**PROVIDED RECORDS:**
++++++++++

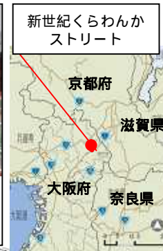
新世紀くらわんか ストリート
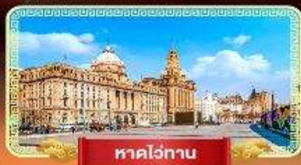
หาดวอทาน

★ ตะลุย 2 สวนสนุก ดิสนีย์แลนด์ + POPLAND
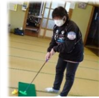
ルーレットゴルフ
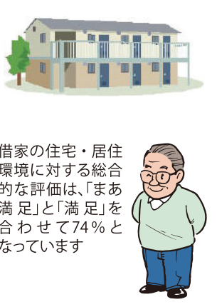
住生活総合調査によると「満足」は74%、「不満」は26%。借家に対する評価は「満足」は74%、「不満」は26%。環境的な満足度は低い。

借家の住宅に対する評価に関しては、不満率は昭和63年以降減少しており、昭和63年の約64%から平成30年に約33%となつて
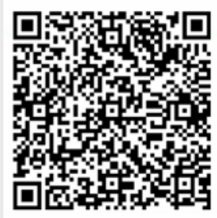
Hurricane Harbor Oaxtepec

Aplicable para: alumnos, alumnas, egresados, egresadas, colaboradores y colaboradoras.

++++++++++

**WHAT YOU SHOULD DO:** Without the pictures, set down every entry exactly.

**EXERCISE SOLUTION:**
新世紀くらわんか ストリート
หาดวอทาน

★ ตะลุย 2 สวนสนุก ดิสนีย์แลนด์ + POPLAND
ルーレットゴルフ
住生活総合調査によると「満足」は74%、「不満」は26%。借家に対する評価は「満足」は74%、「不満」は26%。環境的な満足度は低い。

借家の住宅に対する評価に関しては、不満率は昭和63年以降減少しており、昭和63年の約64%から平成30年に約33%となつて
Hurricane Harbor Oaxtepec

Aplicable para: alumnos, alumnas, egresados, egresadas, colaboradores y colaboradoras.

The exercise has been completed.